[Start of section]
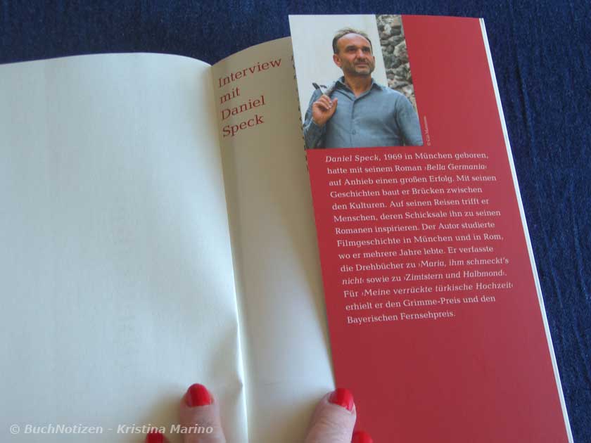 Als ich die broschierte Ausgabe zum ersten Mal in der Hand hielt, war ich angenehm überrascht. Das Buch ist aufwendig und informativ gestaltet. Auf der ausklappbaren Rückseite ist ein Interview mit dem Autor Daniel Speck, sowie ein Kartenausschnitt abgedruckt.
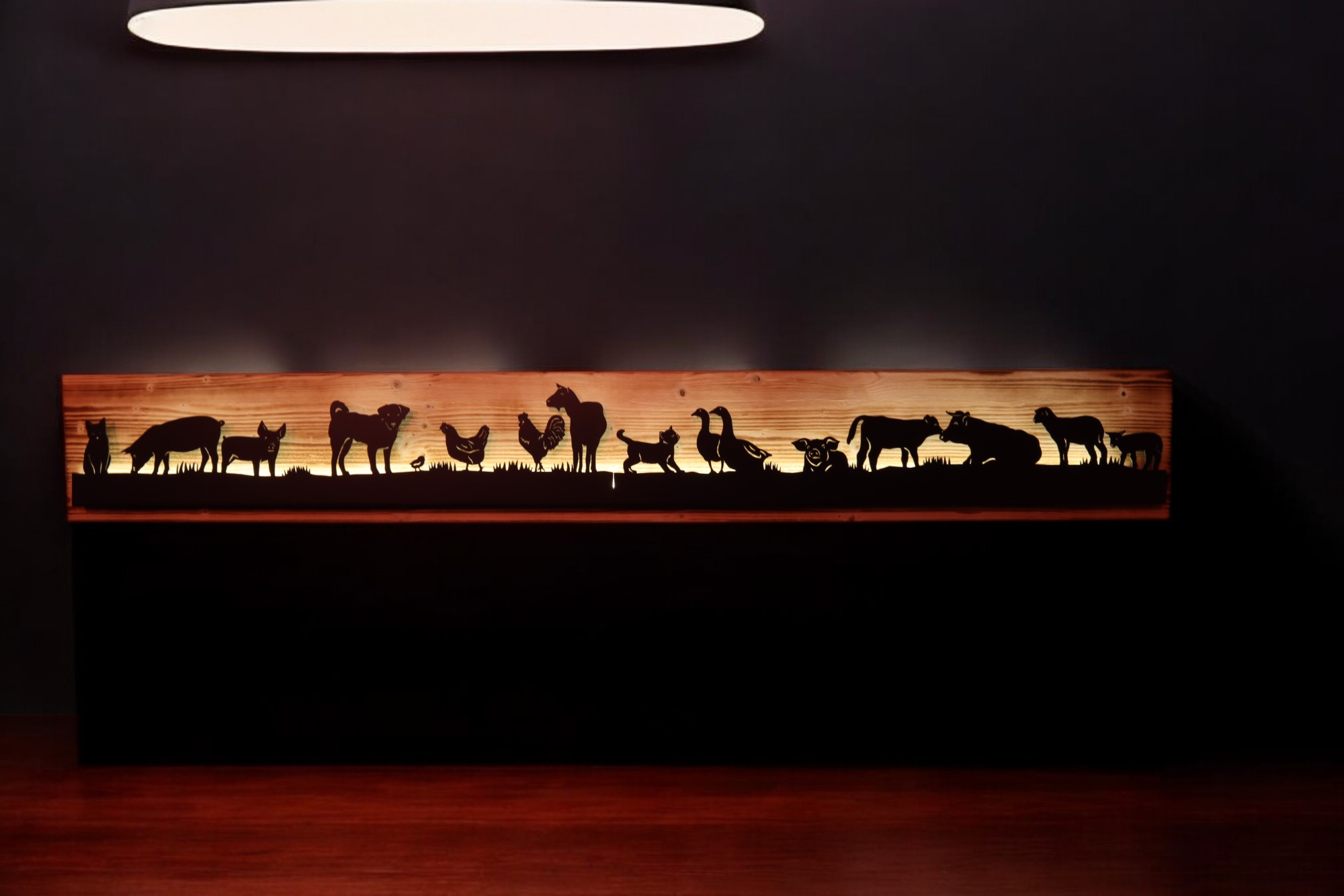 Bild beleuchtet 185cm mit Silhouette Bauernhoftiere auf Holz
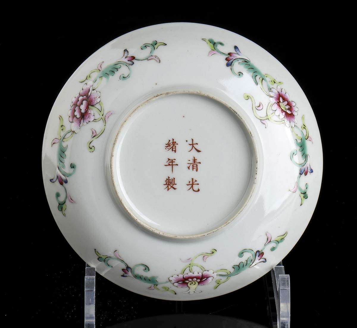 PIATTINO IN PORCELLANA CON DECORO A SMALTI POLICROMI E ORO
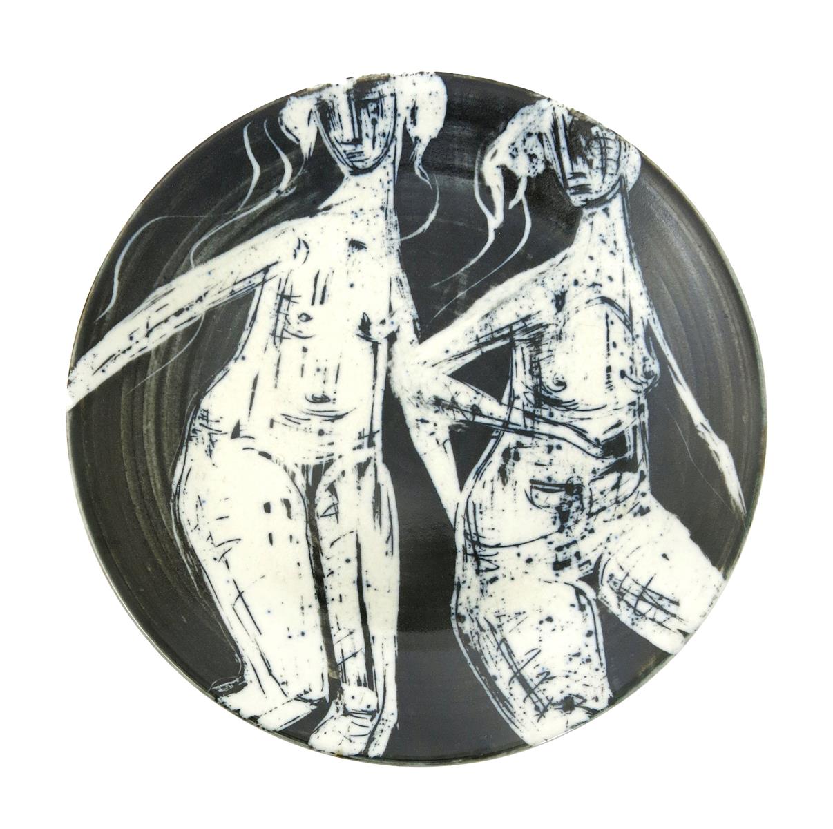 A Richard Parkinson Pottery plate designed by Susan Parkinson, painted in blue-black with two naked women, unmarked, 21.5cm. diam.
[End of section]
**What you are asked to do:**
The pictures in the listing above are to be dropped, and everything else reproduced exactly.

**Answer box:**
 Als ich die broschierte Ausgabe zum ersten Mal in der Hand hielt, war ich angenehm überrascht. Das Buch ist aufwendig und informativ gestaltet. Auf der ausklappbaren Rückseite ist ein Interview mit dem Autor Daniel Speck, sowie ein Kartenausschnitt abgedruckt.
 Bild beleuchtet 185cm mit Silhouette Bauernhoftiere auf Holz
 PIATTINO IN PORCELLANA CON DECORO A SMALTI POLICROMI E ORO
 A Richard Parkinson Pottery plate designed by Susan Parkinson, painted in blue-black with two naked women, unmarked, 21.5cm. diam.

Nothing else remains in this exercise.